About this task :: Word for word, please restate the line that contains "revive the 60’s." and all lines after it through the end of the material, minus the pictures.

Task data ::

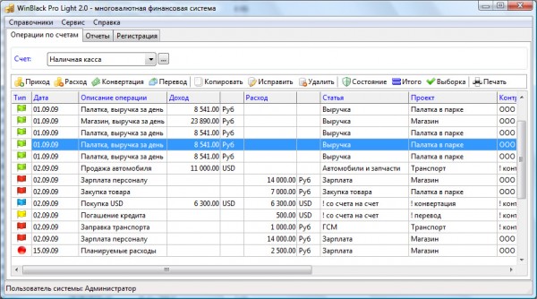 WinBlack Pro Light - программа позволяет вести многовалютный учет финансовых операций. С ее помощью можно вести как домашнюю бухгалтерию, так и дела предприятия. Простая в обращении, но мощная по возможностям программа позволяет отслеживать движение наличных денег, операции с банковскими счетами и кредитными картами, планировать доходы и расходы, разбивать операции по статьям, проектам и контрагентам.
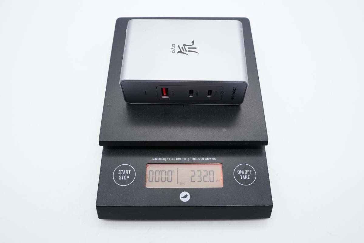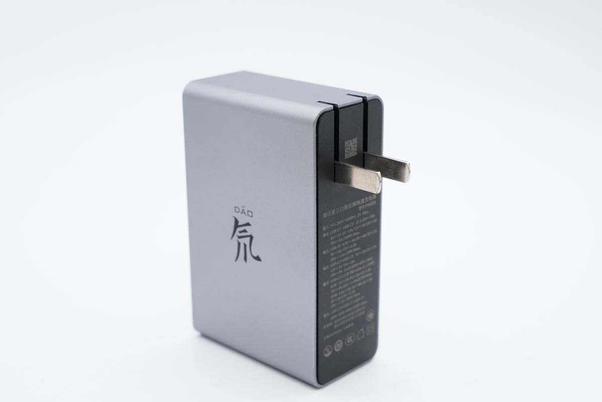 包装盒延续氘(dao)系列ID设计,顶部印有产品名称、外观,以及2Type-C + USB-A、120W特性。
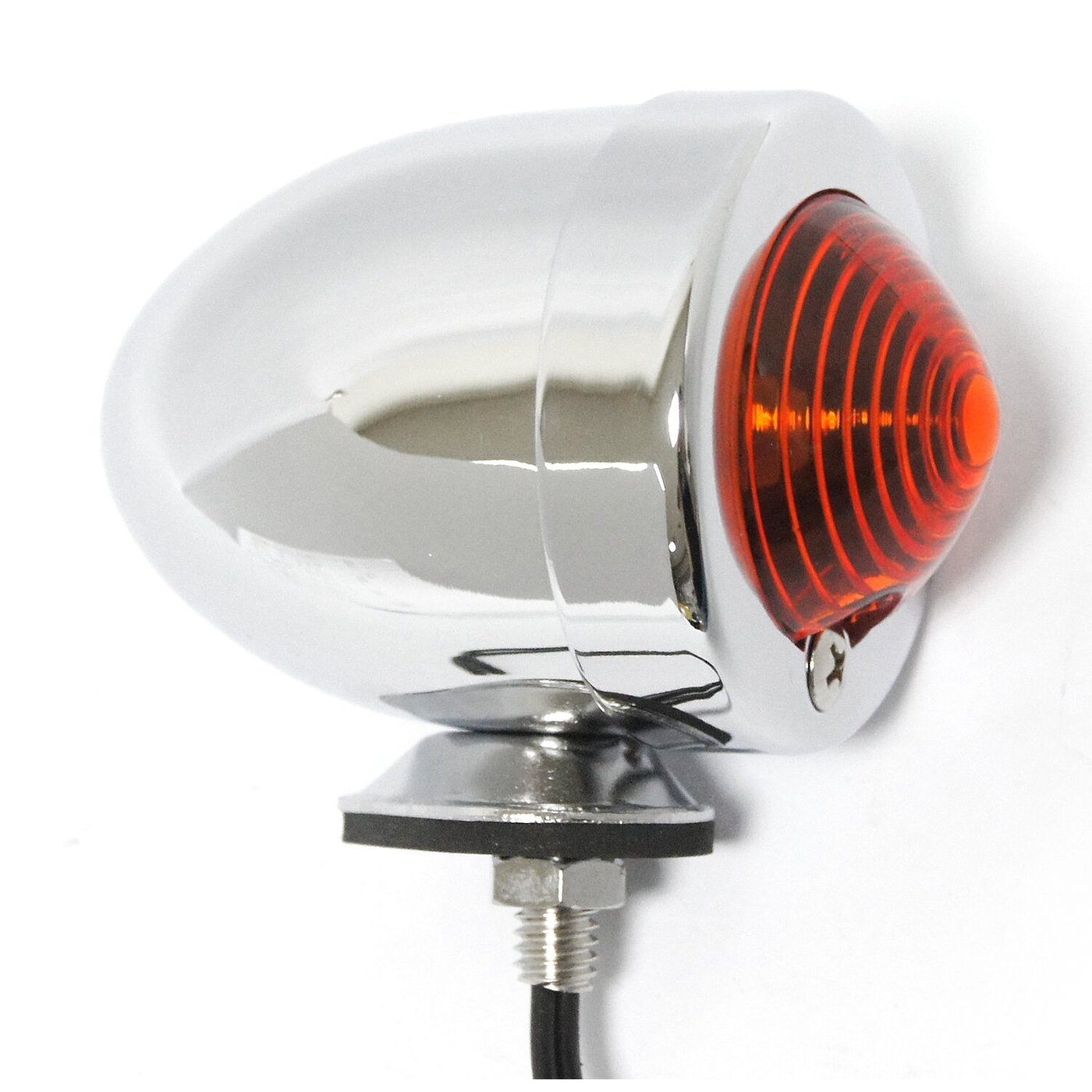 – Chrome housing – Amber lens – Dual Filament bulb – Stud mount – 12-Volt – The classic bullet, ready to revive the 60’s.
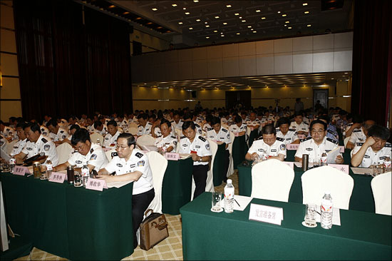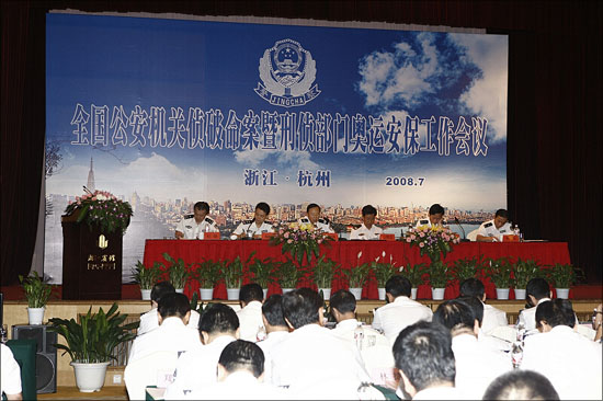 | 7月1日至2日,公安部在浙江杭州召开了“全国公安机关侦破命案暨刑侦部门奥运安保工作会议”,部署全国公安刑侦战线做好奥运安保工作,继续深化侦破命案工作。图为会议现场。 |
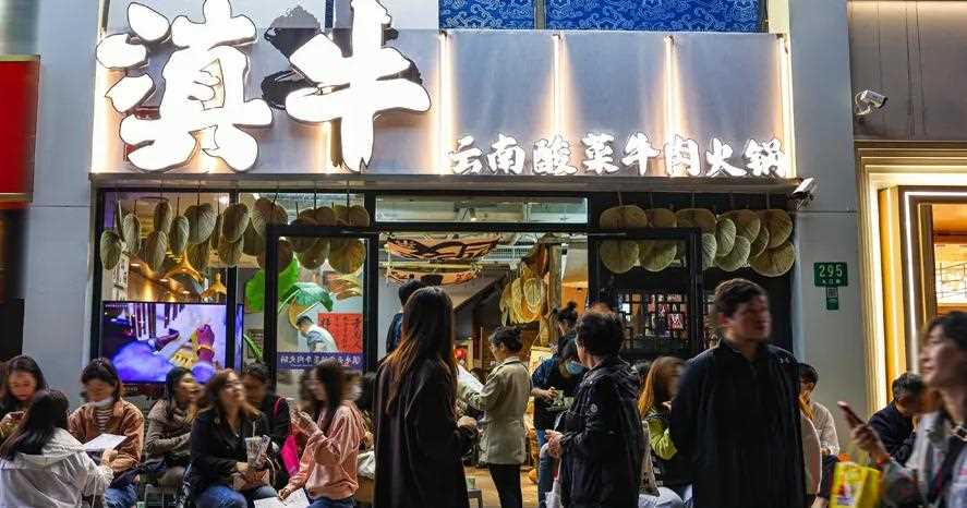 選用玉溪新平傣家酸菜、非遺匠制的富源酸蘿卜絲的云南酸菜鍋底,搭配云南特色菜品黃牛肉、蒙自餌塊、石屏燒豆腐等,口味新奇的滇牛首店在上?!耙慌诙t”,而后一年半開出超120家門店,成為酸湯火鍋頭部品牌。

Result below ::
 – Chrome housing – Amber lens – Dual Filament bulb – Stud mount – 12-Volt – The classic bullet, ready to revive the 60’s.
 | 7月1日至2日,公安部在浙江杭州召开了“全国公安机关侦破命案暨刑侦部门奥运安保工作会议”,部署全国公安刑侦战线做好奥运安保工作,继续深化侦破命案工作。图为会议现场。 |
 選用玉溪新平傣家酸菜、非遺匠制的富源酸蘿卜絲的云南酸菜鍋底,搭配云南特色菜品黃牛肉、蒙自餌塊、石屏燒豆腐等,口味新奇的滇牛首店在上?!耙慌诙t”,而后一年半開出超120家門店,成為酸湯火鍋頭部品牌。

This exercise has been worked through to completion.